UTB_inh-14 fits well into this extracellular pocket, with its 2-thienyl group directly blocking the pore entry. The inhibitor forms hydrophilic interactions with the side chain of Q232 and the backbone carbonyl of A337 of HsUT-B, and its 4-ethylbenzene group sits in a hydrophobic pocket formed by W286, F288, G323, and A327 (Fig. 2, B and C). Superimposing the HsUT-A3 structure suggests that UTB_inh-14 will not fit into its equivalent site due to its unfavorable environment (Fig. 3A): HsUT-A3’s binding pocket is significantly more negatively charged than that of HsUT-B, in particular for the 4-ethylbenzene binding region (Fig. 3, B and C). In silico binding free-energy calculations confirm this observation: Mutation of G323 in HsUT-B (equivalent to E383 in HsUT-A) to glutamic acid results in positive binding free-energy loss of 7.38 kcal/mol (from −14.32 to −6.94 kcal/mol), and A327S mutation results in loss of 1.09 kcal/mol (Fig. 3D). In addition, the 4-ethylbenzene group is in close proximity to N/D280 (~6 Å) (Fig. 2, B and C), whose variation is responsible for the Kidd blood group system (26). While mutating this residue from asparagine to aspartic acid does not change UTB_inh-14’s binding free energy in our in silico calculations (0.12 kcal/mol), mutation to threonine (HsUT-A equivalent) did lead to a minor loss of 0.8 kcal/mol, suggesting its involvement in the inhibitor binding. Therefore, it is possible for a hypothetical inhibitor based on UTB_inh-14 to show selectivity toward certain Kidd blood group with consequences for its potential as a drug candidate.

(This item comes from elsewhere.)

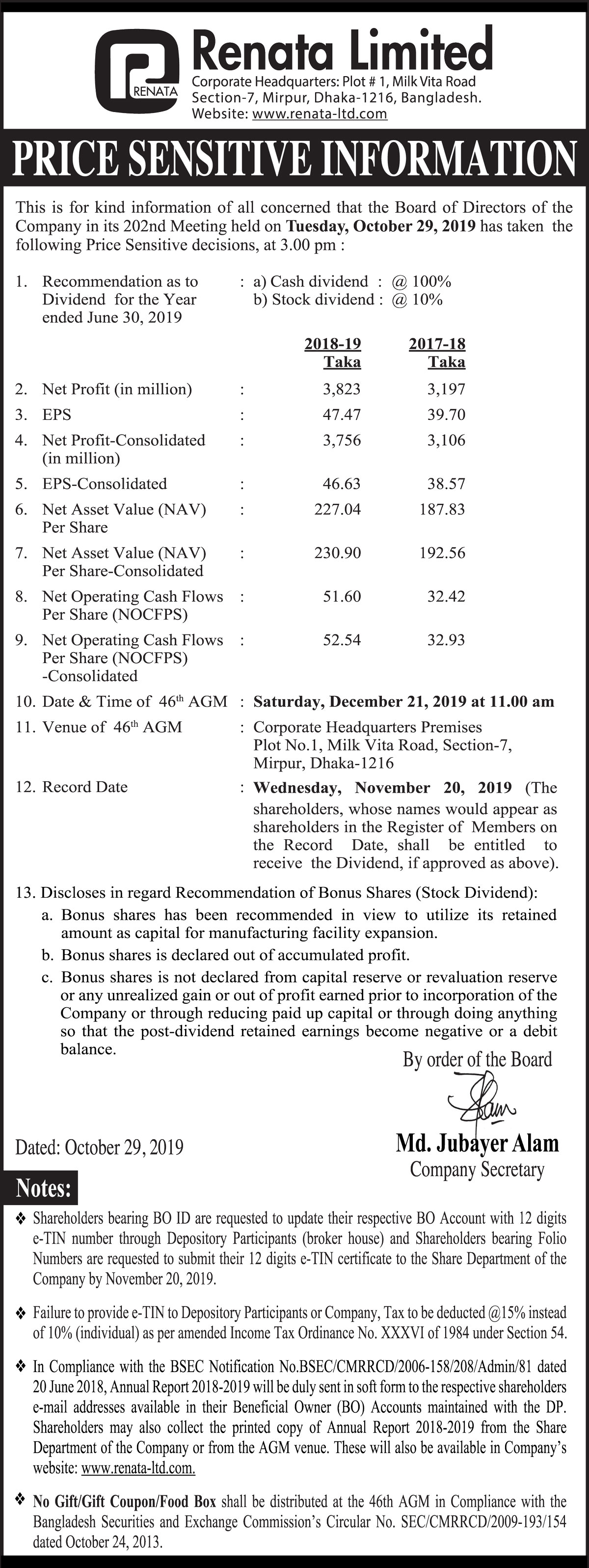 Half Yearly (Q2) Financial Statements (Unaudited) of Renata Limited

Fig. 3. Structural basis for the selectivity of UTB_inh-14 to UT-B.

(A) Overlay of aligned HsUT-A residues (cyan) against HsUT-B residues (green) involved in UTB_inh-14 binding. (B) Electrostatic surface charge representation of HsUT-B at the UTB_inh-14 binding pocket. (C) Electrostatic surface charge representation of HsUT-A at the UTB_inh-14 binding pocket. (D) Table of relative binding free-energy difference calculations for each residue mutation (from HsUT-B to HsUT-A).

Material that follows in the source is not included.